Badan Pengawas Obat dan Makanan (BPOM) menyatakan tanggung jawab terkait obat sirop dengan kandungan Etilen Glikol maupun Dietilen Glikol yang tinggi ada pada produsen obat. Pertimbangannya, BPOM hanya bertugas sebagai regulator.
Kepala BPOM Penny S Lukito menganalogikan hubungan BPOM dan produsen obat seperti polisi dan pengemudi kendaraan. Pengemudi harus lolos tes yang ditetapkan kepolisian agar mendapatkan Surat Izin Mengemudi (SIM).
Dalam hal ini, BPOM bertugas untuk menguji produsen obat dalam memproduksi obat. Produsen wajib untuk memastikan keamanan bahan baku, proses pembuatan, hingga keamanan dan khasiat obat.
Setelah lolos uji, produsen obat akan mendapatkan sertifikat Cara Produksi Obat yang Baik atau CPOB. Serupa dengan pelanggaran lalu lintas, BPOM tak bisa menjamin produsen tak melanggar aturan.
"Sekarang, kami minta tanggung jawab produsen obat yang ternyata mengandung pencemaran yang sangat tinggi itu," kata Penny dalam konferensi pers virtual, Kamis (27/10).
Cemaran yang dimaksud Penny adalah Etilen Glikol (EG) maupun Dietilen Glikol (DEG). Sebagai informasi, EG dan DEG merupakan cemaran yang mungkin dihasilkan dalam proses pencairan obat menggunakan pencair obat atau solvent.
Karena cemaran EG dan DEG tidak bisa dihindari, BPOM telah menetapkan kadar maksimum EG dan DEG dalam suatu obat adalah 0,5 miligram. BPOM telah menemukan beberapa obat dengan kadar EG dan DEG yang sangat tinggi. Penny menduga EG dan DEG menjadi pelarut obat, seperti Propilen Glikol (PG), Polietilen Glikol (PEG), Sorbitol, atau Gliserin/Gliserol.
BPOM dapat menjatuhkan dua jenis sanksi, yakni perdata dan pidana. Sanksi perdata adalah penarikan produk dari pasar hingga pencabutan sertifikat CPOB, sedangkan sanksi pidana dijatuhkan saat ada unsur kesengajaan.
Penny mengatakan pihaknya telah mengawasi produsen obat cukup ketat. Namun belakangan, bahan yang masuk ternyata bahan baku non farmasi.

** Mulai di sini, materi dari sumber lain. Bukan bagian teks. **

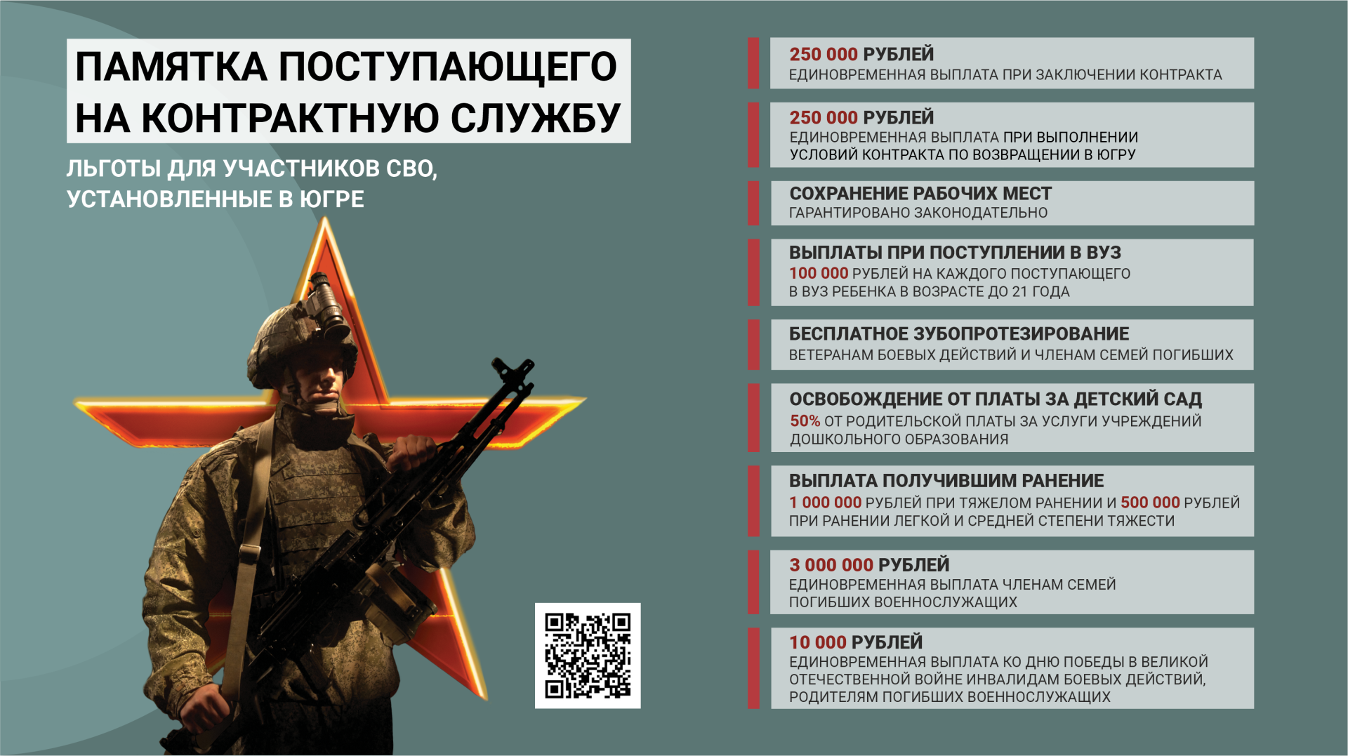 — Губернатором Югры приняты региональные льготы, их девять. Так, при заключении контракта предоставляется единовременная выплата — 250 тысяч рублей. Сохраняется рабочее место. После прохождения военной службы, при выполнении всех условий контракта, полагается единовременная выплата в размере еще 250 тысяч рублей.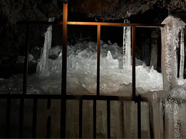 持在0度左右,通過熔岩隧道可欣賞用冰塊堆積而成的冰壁及因水滴落下時凍結而成的冰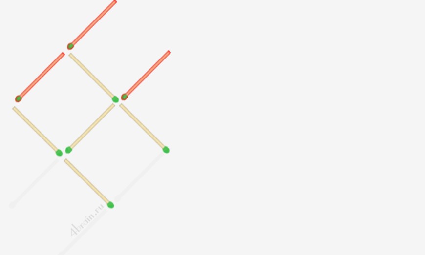Посмотрите на картинку выше — эта головоломка совсем не арифметическая, а заточенная именно на креатив. Если приглядеться, можно понять, что из спичек сложена рыбка, плывущая по своим делам. Вам нужно переставить 3 спички, чтобы развернуть рыбку на 180 градусов — то есть, чтобы она поплыла в другую сторону.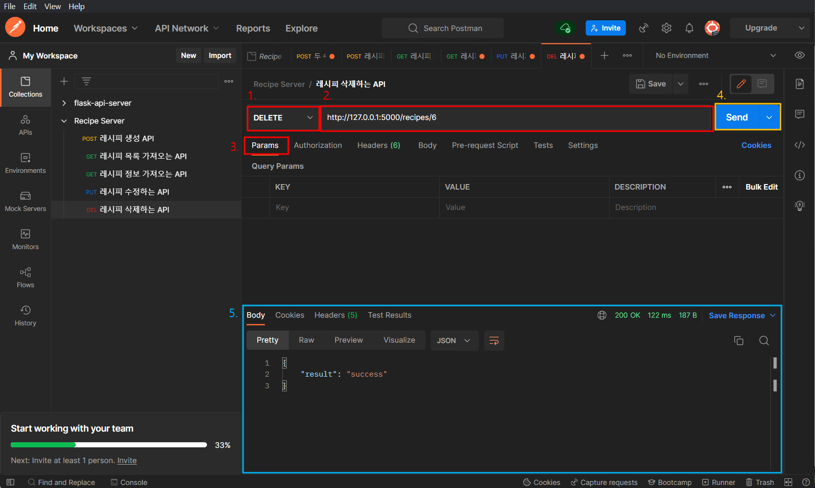 3. python app.py 실행 후 POSTMAN으로 test
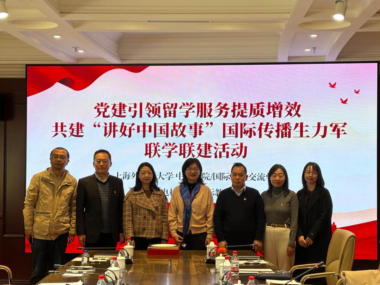 2025年11月21日,上海外国语大学中文学院/国际文化交流学院教工第二党支部与上海电机学院国际教育学院党支部共同举办校际党建联学主题党日活动。本次活动以“党建引领留学服务提质增效,共建‘讲好中国故事’国际传播生力军”为主题,聚焦国际化人才培养与留学服务升级等核心议题开展研讨。上海外国语大学中文学院/国际文化交流学院党委书记张艳莉、院长陈昌来,上海电机学院国际教育学院党总支书记何宁、院长鹿钦佞及双方教师代表参会,共绘校际协同发展新蓝图。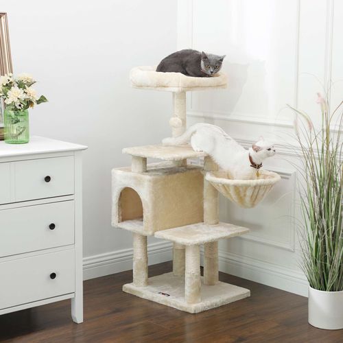 Feandrea Stabiler Kratzbaum Mit Sisal Kratzstangen Plusch Sitzmulden Einem Korb Und 2 Hauschen Kletterbaum Fur Katzen Beige Pct90m Amazon De Haustier
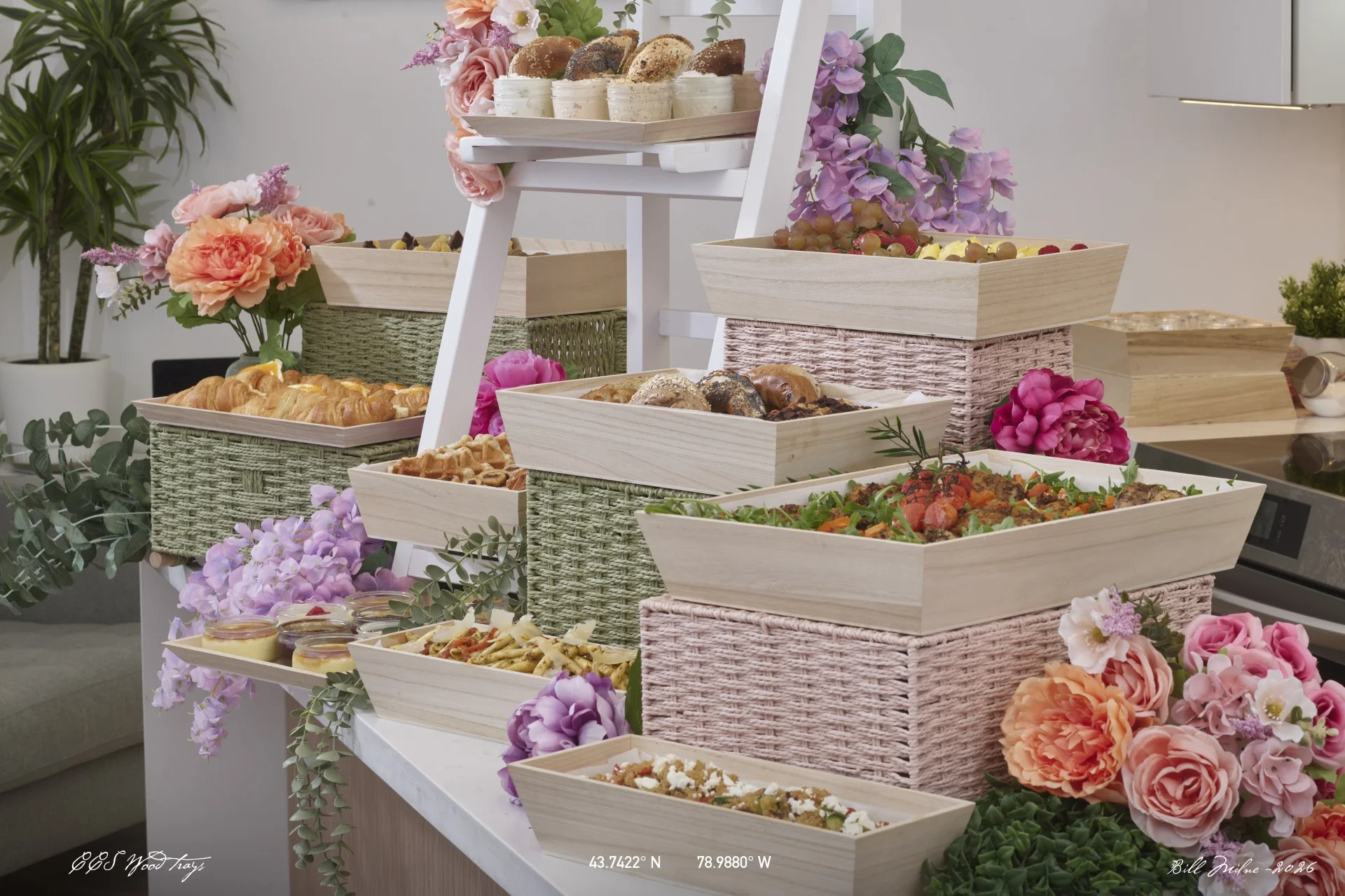 Sturdy but Single-Use: Our wooden catering trays handle hot or cold food with ease. They are extremely durable for the event, yet the client keeps them afterward. You never worry about broken ceramic or lost inventory again.

"Jangan minta tanggung jawab ke BPOM, karena kami sudah melakukan pengawasan sebaik-baiknya dari sisi sumber daya manusia dan sumber daya yang lain," kata Penny.
Penny mengatakan bahwa BPOM tidak berwenang dalam mengawasi importasi solvent PG dan PEG. Pasalnya, pelarut tersebut tidak digunakan hanya oleh industri farmasi, tapi juga oleh industri pengolahan lainnya, seperti industri cat.
Industri juga wajib untuk memeriksa langsung kualitas bahan baku maupun bahan tambahan dari pemasoknya. Meski demikian kemampuan setiap produsen dalam memeriksa berbeda tergantung besar kecilnya industri.
Menurutnya, produsen obat yang obatnya ditemukan memiliki kadar EG dan DEG yang tinggi adalah produsen berskala kecil dan baru. "Di situ kami lebih intensif melakukan pengawasan. Ke depan akan kami perkuat," kata Penny.
Sedangkan Ketua Komite Pengembangan Perdagangan dan Industri Bahan Baku Gabungan Pengusaha Farmasi Indonesia (GPFI), Vincent Harijanto, mengatakan temuan EG dan DEG tak harus membuat produsen menyetop kegiatan.
"Distribusi harus jalan terus. bagaimana kalau misalnya anak-anak membutuhkan obat yang lain," jelas Vincent saat dihubungi Katadata.co.id, Jumat (21/10).